The Two-Face side of his personality proposed a dozen lewd comments about the pussycat pussyfooting around.  The Harvey side rejected each one.  Selina was a friend.  He didn’t want to be “Big Bad Harv” with her.  But he did wish she’d get to the point. 

She did.

“There’s a tape, Harvey.  I have it on good authority that a cousin of your very favorite mobster, Boss Maroni, owns the warehouse where you were… ‘gardening’ last night.  And word is: he plans to make copies and sell them.”

DA Dent held Two-Face’s rage back just long enough to ask: “Who’s the source?”

“Penguin.  Maroni’s people approached him to distribute.  Pengy told the Riddler and Eddie told me.”

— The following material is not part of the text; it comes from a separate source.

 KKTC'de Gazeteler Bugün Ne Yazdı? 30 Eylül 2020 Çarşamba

The degree of Two-Face’s rage may be gauged by the fact that he did not pause to flip his coin before calling down the sting of two thousand scorpions on Maroni, on the Penguin, and on anyone else involved in this monstrous outrage.  This was not a matter for the coin to decide because he was not “of two minds.” On the contrary, while Two-Face conjured images of machine-gunning every Maroni in existence, Harvey searched the annals of his Harvard education for appropriate epithets:

Come not within the measure of my wrath. 
—The Two Gentleman of Verona

Ne’er had been read in story old,
Of maiden true betray
d for gold,
That loved, or was avenged, like me.
 
—Marmion.  Canto ii

Which, if not victory, is yet revenge. 
—Paradise Lost.  Book ii

And just for good measure:

I don’t want to kill everyone.  Just my enemies. 
—The Godfather Part II

 

 

1:00 PM
A distinguished older gentleman, neatly but too-formally dressed for a suburban park, scrutinized his reflection in the pond.  He thought he was long past the age where you make discoveries about yourself.  Yet recent events—or rather, the lack of recent events—were forcing him to face one of those revelations.

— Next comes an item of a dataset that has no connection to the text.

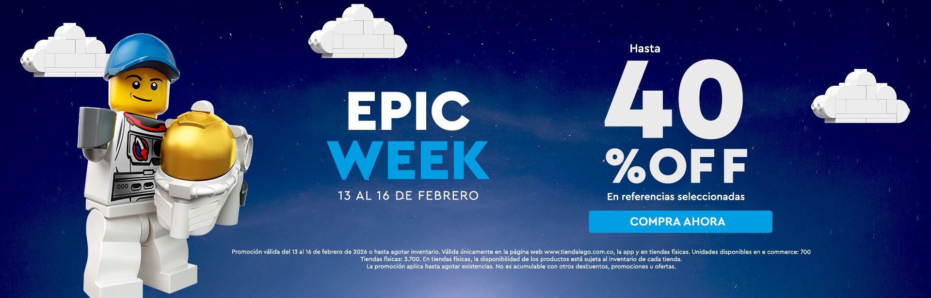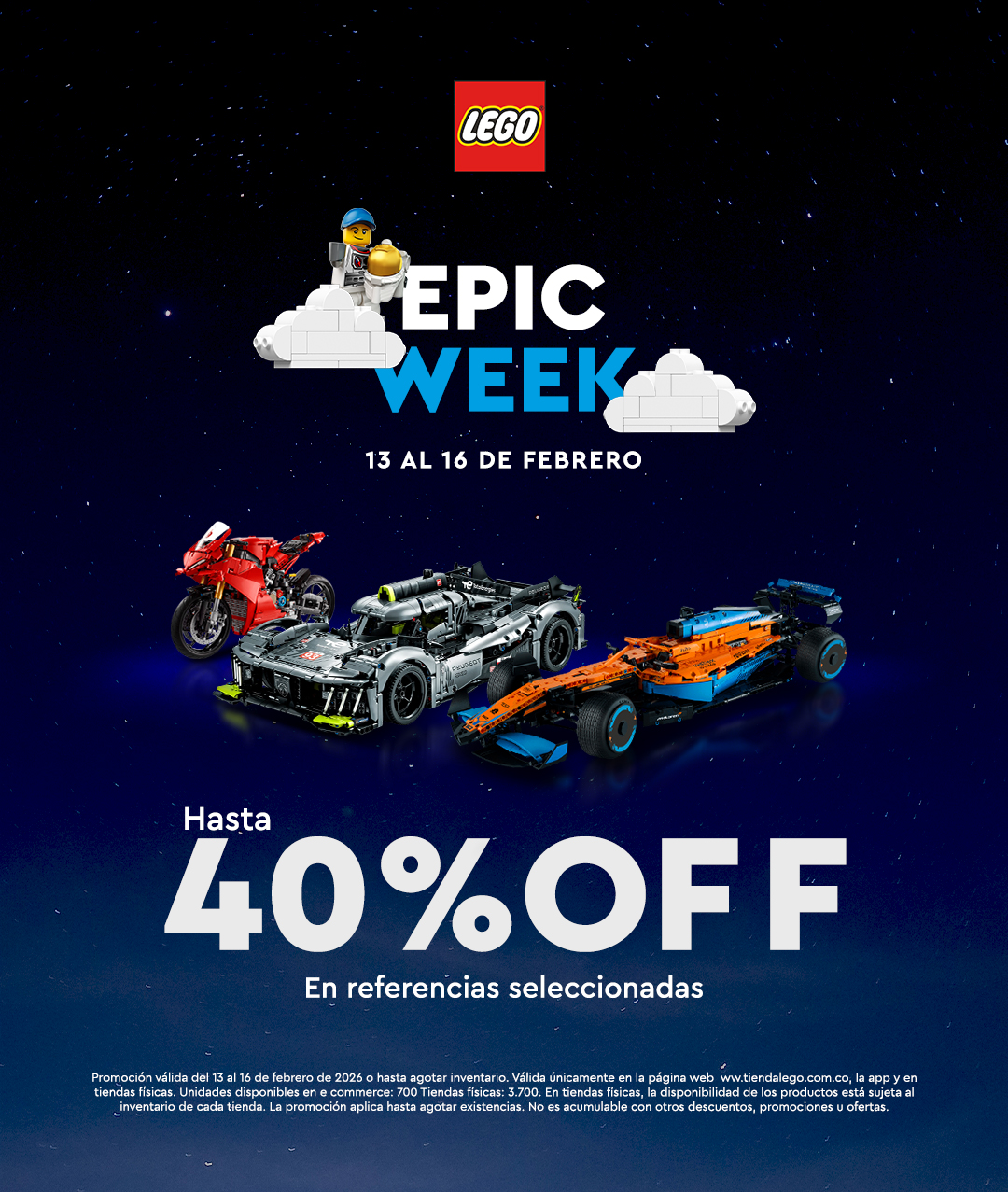 Promoción válida del 13 al 16 de febrero de 2026 o hasta agotar inventario. Válida únicamente en la página web www.tiendalego.com.co, App  Tienda LEGO® y en tiendas físicas.

He, Alfred Pennyworth, was every bit as much of a workaholic as his employer.  It was just possible that the example he’d set of tireless dedication had somehow contributed to Bruce’s tendency to put the job above any personal interests.

Now that Bruce was finally making a bit of a life for himself, Alfred found himself with time on his hands.  Today, for instance, he’d finished his minimal housework by 11:00, pretended to dust the cave until 11:30, and examined the contents of the refrigerator until 11:45, making a grocery list although there was no evening meal to prepare.  Finally, at 12:05, he admitted defeat and took the afternoon off.  He returned to double-check he’d locked the back door no fewer than four times before taking a walk around the Wayne property.  Then, realizing it was a sad commentary to actually remain on the grounds on his “time off,” he headed for this public park.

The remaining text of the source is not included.